In 63 BCE the Roman general Pompey conquered Jerusalem and made the Jewish kingdom a client of Rome.

The deaths of Pompey (48 BCE), Caesar (44 BCE), and the related Roman civil wars relaxed Rome's grip on Israel, and as a result, in 40 BC the Parthian Empire and their Jewish ally Antigonus the Hasmonean defeated the pro-Roman Jewish forces of high priest Hyrcanus II, Phasael, and Herod, invaded the Roman eastern provinces and manage to expell the Romans. Antigonus the Hasmonean was made king of Judea. Herod later on fled to Rome where he was elected "King of the Jews" by the Roman Senate.

In 37 BCE, Herod the Great took back Judea with Roman support. Herod turned Antigonus over to Mark Antony, who had him beheaded,[25] ending the rule of the Hasmonean dynasty.

[edit] Under Roman rule (37 BCE-324 CE)

The installation of Edomite Jew Herod the Great as King of Israel created a Jewish client state of the Roman Empire in 37 BCE ended the Hasmonean dynasty. Subsequently, a new period of architecture under Herod occurred, with the Second Temple being built in Jerusalem, along with Herod's Palace, numerous Temples across the country, the Caesarea Maritima, a water channel and pilgrim road in Jerusalem, and Roman public facilities. In Ashkelon, Herod built elaborate bath houses, elaborate fountains, and large colonnades. His son, Herod Antipas, founded Tiberias as a Jewish city, and made it his personal realm in the Galilee.

Judea under Roman rule was at first an independent Jewish kingdom, but gradually the rule over Judea became less and less Jewish, until it became under the direct rule of Roman administration (and renamed the Iudaea Province), which was often callous and brutal in its treatment of its Judean subjects. In 66 CE, Judeans began to revolt against the Roman rulers of Judea. The revolt was defeated by the Roman emperors Vespasian and Titus. The Romans destroyed much of the Temple in Jerusalem and, according to some accounts, stole artifacts from the temple, such as the Menorah. Altogether, 1,100,000 Jews perished during the revolt and another 97,000 were taken captive.
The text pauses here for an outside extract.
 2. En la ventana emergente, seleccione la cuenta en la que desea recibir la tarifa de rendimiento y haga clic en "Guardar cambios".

Major battles were in Masada and in Gamla. Gamla was the district capital of the Golan Heights first established by the last king of the Hasmonean dynasty. Gamla's citizens saw their battle as directly connected to Jerusalem and fiercely defended their stronghold. Eventually, all of the 9000 city's residents were killed. Both historical sites of Masada and Gamla have been excavated and are frequently visited in the modern State of Israel.
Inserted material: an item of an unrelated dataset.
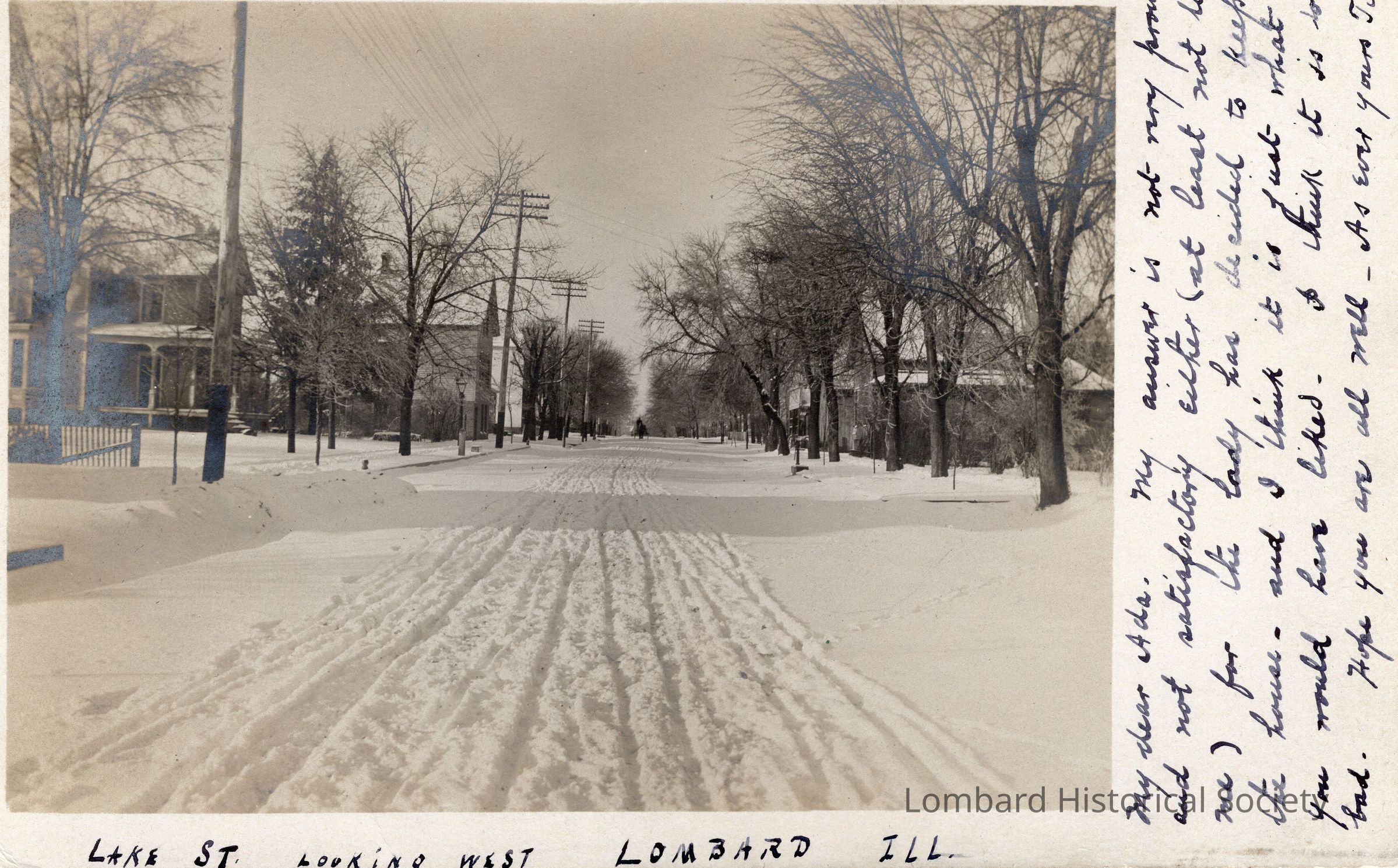 P76-32 Postcard of Lake Street (St Charles Road) Looking West. Note on front of card: My dear Ada. My answer is not my prompt and not satisfactory either (at least not to me) for the lady has decided to keep the house. I think it is just what you would have liked and think it is too bad. Hope you are all well. As every yours Tillie. Postcard mailed to Mrs. B. Abeler, 373 Cleveland Avenue, Chicago, Illinois, and postmarked May 18, 1905.Collection

Judeans continued to live in their land in significant numbers, and were allowed to practice their religion, until the 2nd century when Julius Severus ravaged Judea while putting down the Bar Kokhba revolt. 985 villages were destroyed. Banished from Jerusalem, the Jewish population now centred on Galilee.

This was also the time of Schism between Judaism and Christianity. Many Christians considered the new religion to supersede Judaism. See also Council of Jamnia.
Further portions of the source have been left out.